#### Records for the exercise

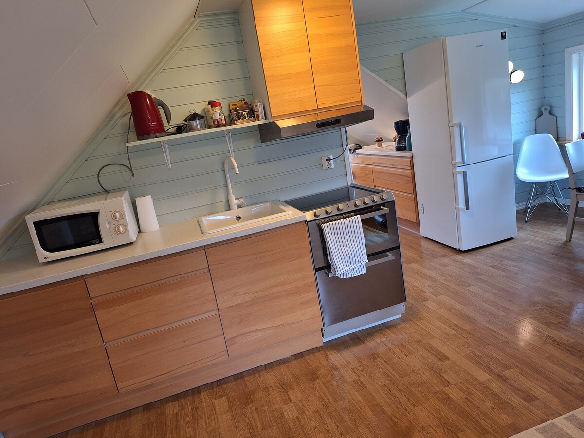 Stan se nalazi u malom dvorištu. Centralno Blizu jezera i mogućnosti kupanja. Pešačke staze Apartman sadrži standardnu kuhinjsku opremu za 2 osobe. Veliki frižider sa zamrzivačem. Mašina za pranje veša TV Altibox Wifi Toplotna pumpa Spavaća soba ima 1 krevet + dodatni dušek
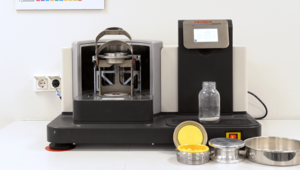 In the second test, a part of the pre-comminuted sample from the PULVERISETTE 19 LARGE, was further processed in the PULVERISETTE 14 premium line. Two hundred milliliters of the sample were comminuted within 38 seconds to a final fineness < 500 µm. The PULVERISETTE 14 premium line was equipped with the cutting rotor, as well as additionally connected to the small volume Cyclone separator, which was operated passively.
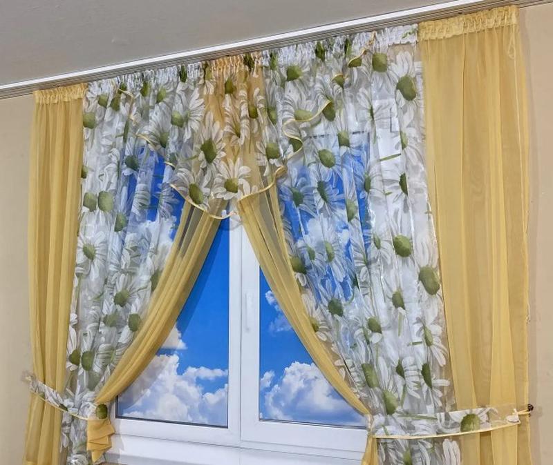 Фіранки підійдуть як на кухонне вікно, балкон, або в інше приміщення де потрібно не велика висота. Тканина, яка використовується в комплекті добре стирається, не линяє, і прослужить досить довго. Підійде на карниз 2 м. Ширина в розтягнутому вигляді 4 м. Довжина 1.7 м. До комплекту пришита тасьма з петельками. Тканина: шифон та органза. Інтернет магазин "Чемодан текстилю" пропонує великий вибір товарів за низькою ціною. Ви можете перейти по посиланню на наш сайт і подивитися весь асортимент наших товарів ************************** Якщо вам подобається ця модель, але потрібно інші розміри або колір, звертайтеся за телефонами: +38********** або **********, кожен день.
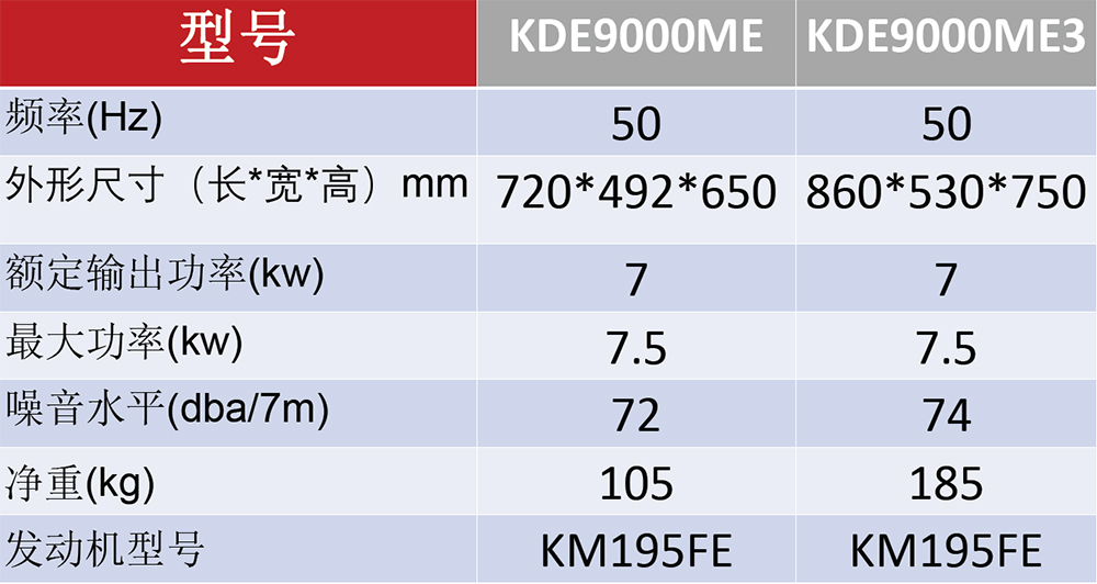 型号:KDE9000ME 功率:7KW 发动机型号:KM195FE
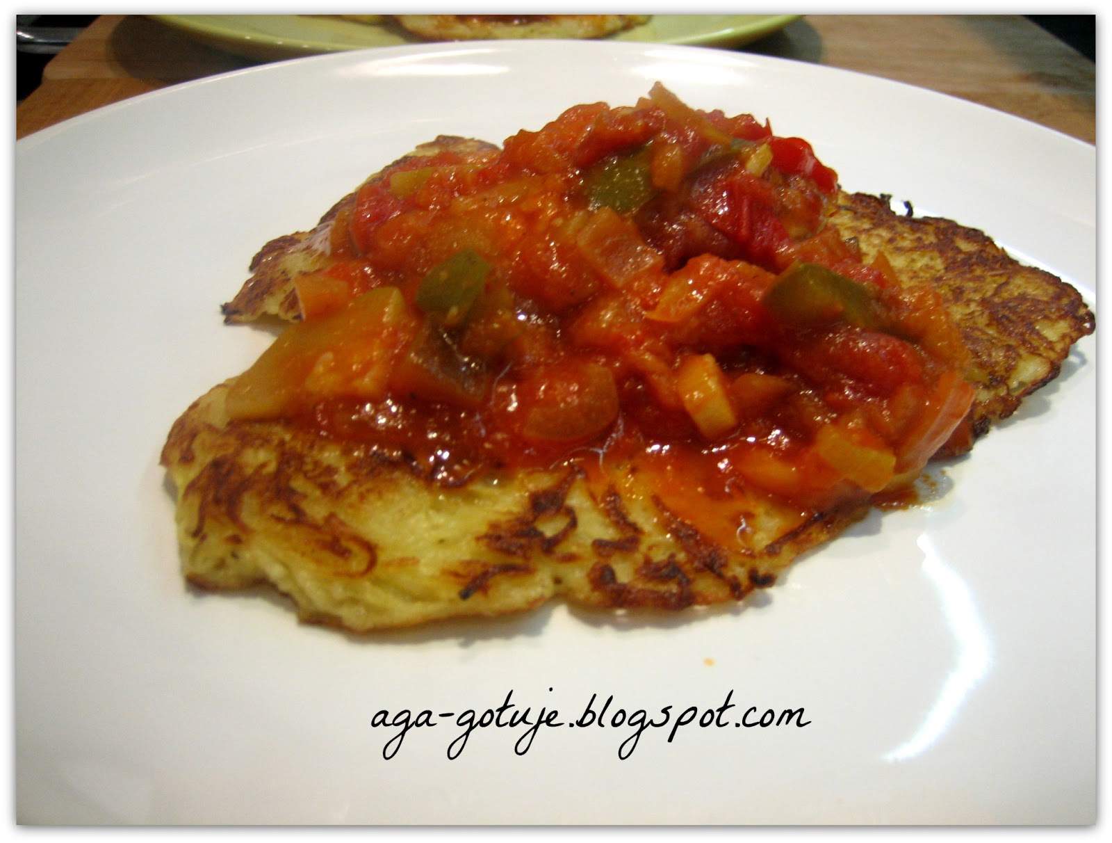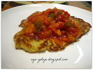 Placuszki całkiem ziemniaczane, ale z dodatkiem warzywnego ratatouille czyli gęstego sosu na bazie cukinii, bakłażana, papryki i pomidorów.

########
#### Records for the exercise

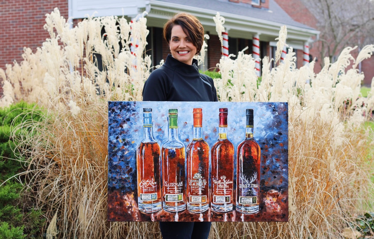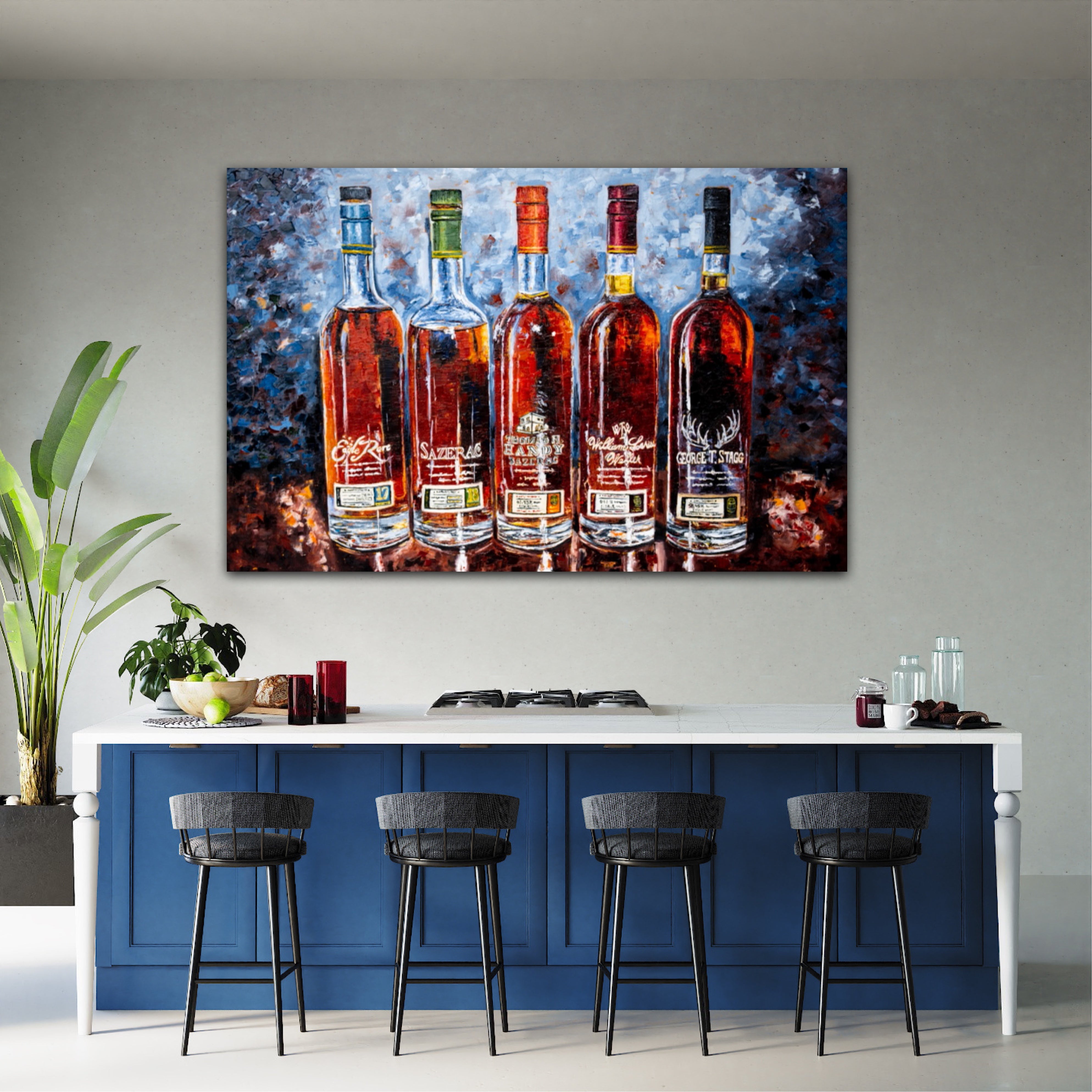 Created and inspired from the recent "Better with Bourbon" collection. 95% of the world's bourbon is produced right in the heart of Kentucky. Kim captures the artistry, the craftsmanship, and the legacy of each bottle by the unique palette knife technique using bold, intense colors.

########

* **Work required**
Using the data above, retype exactly the lines from the line with "Stan se nalazi" to the line with "型号:KDE9000ME 功率:7KW 发动机型号:KM195FE", inclusive. No pictures and nothing else.

* **Exercise output**
 Stan se nalazi u malom dvorištu. Centralno Blizu jezera i mogućnosti kupanja. Pešačke staze Apartman sadrži standardnu kuhinjsku opremu za 2 osobe. Veliki frižider sa zamrzivačem. Mašina za pranje veša TV Altibox Wifi Toplotna pumpa Spavaća soba ima 1 krevet + dodatni dušek
 In the second test, a part of the pre-comminuted sample from the PULVERISETTE 19 LARGE, was further processed in the PULVERISETTE 14 premium line. Two hundred milliliters of the sample were comminuted within 38 seconds to a final fineness < 500 µm. The PULVERISETTE 14 premium line was equipped with the cutting rotor, as well as additionally connected to the small volume Cyclone separator, which was operated passively.
 Фіранки підійдуть як на кухонне вікно, балкон, або в інше приміщення де потрібно не велика висота. Тканина, яка використовується в комплекті добре стирається, не линяє, і прослужить досить довго. Підійде на карниз 2 м. Ширина в розтягнутому вигляді 4 м. Довжина 1.7 м. До комплекту пришита тасьма з петельками. Тканина: шифон та органза. Інтернет магазин "Чемодан текстилю" пропонує великий вибір товарів за низькою ціною. Ви можете перейти по посиланню на наш сайт і подивитися весь асортимент наших товарів ************************** Якщо вам подобається ця модель, але потрібно інші розміри або колір, звертайтеся за телефонами: +38********** або **********, кожен день.
 型号:KDE9000ME 功率:7KW 发动机型号:KM195FE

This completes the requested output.